▶ _TASK INSTRUCTIONS_: Nothing but text lines should be duplicated: start with the first line of the listing below and stop after the line holding "2段階式ペットボトルロケットを246メートル打ち上げる", omitting pictures.

▶ _SOURCE DATA_:
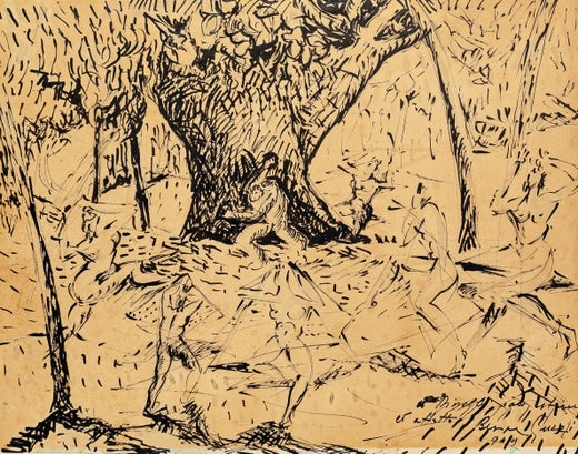 Disegno penna su carta firmata in basso a destra Colacicchi a matita.
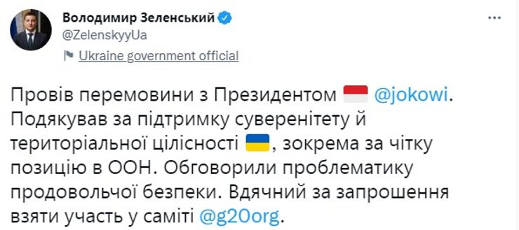 Президент Индонезии Джоко Видодо пригласил украинского коллегу Владимира Зеленского принять участие в саммите G20. Об этом глава государства написал в Twitter.
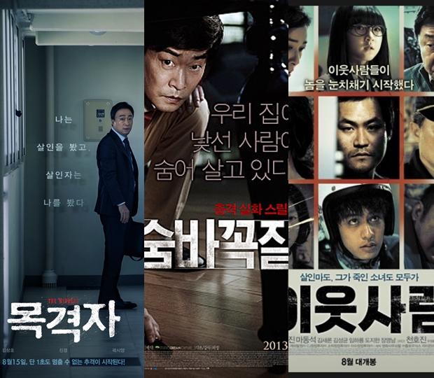 익숙하고 일상적인 공간인 우리집이 가장 두려운 공간으로 변한다는 설정에서 오는 현실을 그린 영화들이 이목을 집중시킨다. 영화 ‘목격자’(2018), ‘숨바꼭질’(2013), ‘이웃사람’(2012)이 그 주인공이다.
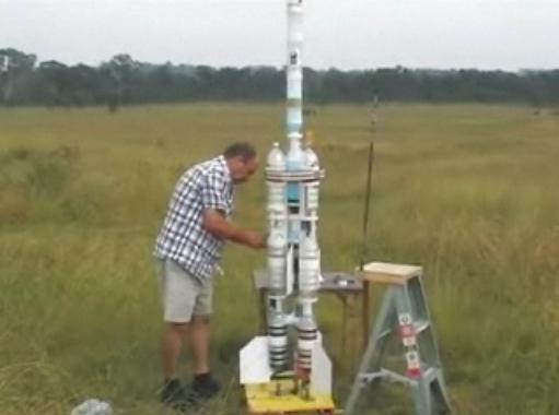 2段階式ペットボトルロケットを246メートル打ち上げる
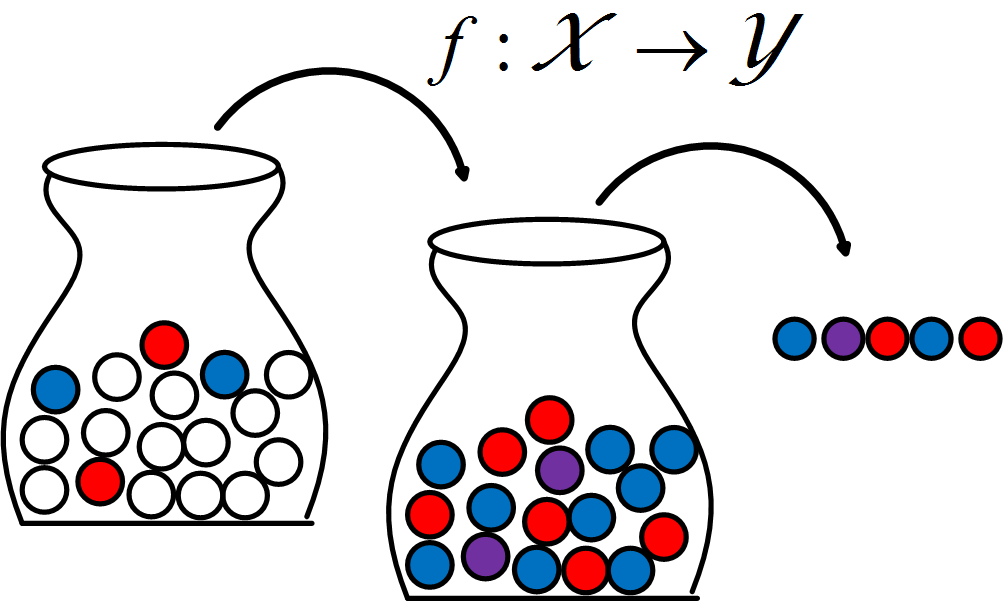 Let's consider the classic balls in urns problem (see Figure): we have an urn containing red and blue balls and we draw five balls from the urn, note the color of each ball, and then try to determine the proportion of red and blue balls in the urn. We have already studied many statistical methods for dealing with this problem in previous sections. Now, let's generalize the problem slightly. Suppose the urn is filled with white balls and there is some target unknown function $f$ that paints each selected ball either red or blue (see Figure). The machine learning problem is how to find the $f$ function, given only the observed red/blue balls. So far, this doesn't sound much different from the statistical problem. However, now we want to take our estimated $f$ function, say, $\hat{f}$, and use it to predict the next handful of balls from another urn. Now, here's where the story takes a sharp turn. Suppose the next urn already has some red and blue balls in it? Then, applying the function $f$ may result in purple balls which were not seen in the training data (see Figure). Now, what can we do? We have just scraped the surface of the issues machine learning must confront using methods that are not part of the statistics canon.
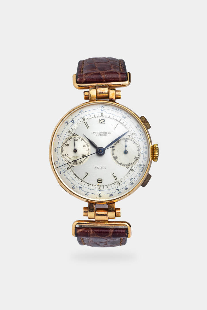 Cassa in oro rosa con fondello a pressione e anse basculanti. Quadrante argento con indici serigrafati, indicazione dei secondi continui al 9 e dei 45 minuti al 3.
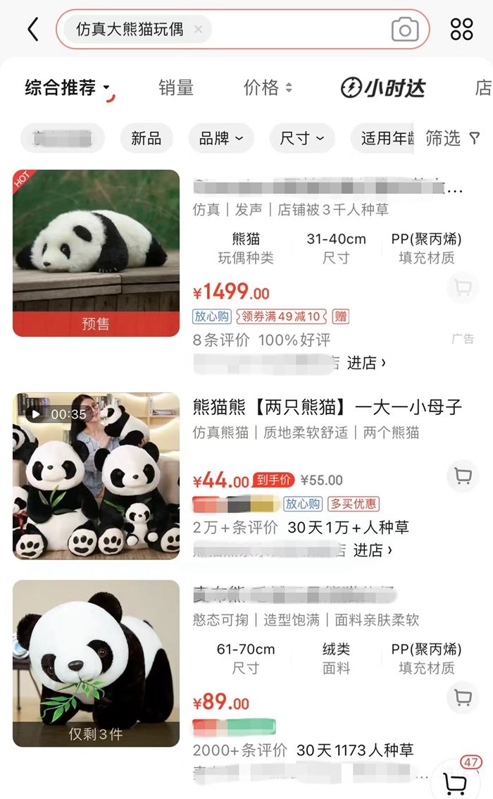 媒体在多个电商平台观察,目前仿真大熊猫玩偶价格参差不齐,从几十元(人民币,下同)到几千元的都有。相较于传统的熊猫造型毛绒玩具价格只有几十元,仿真大熊猫玩偶价格动辄上千,且销量一直不错。

▶ _SOLUTION TO THE EXERCISE_:
 Disegno penna su carta firmata in basso a destra Colacicchi a matita.
 Президент Индонезии Джоко Видодо пригласил украинского коллегу Владимира Зеленского принять участие в саммите G20. Об этом глава государства написал в Twitter.
 익숙하고 일상적인 공간인 우리집이 가장 두려운 공간으로 변한다는 설정에서 오는 현실을 그린 영화들이 이목을 집중시킨다. 영화 ‘목격자’(2018), ‘숨바꼭질’(2013), ‘이웃사람’(2012)이 그 주인공이다.
 2段階式ペットボトルロケットを246メートル打ち上げる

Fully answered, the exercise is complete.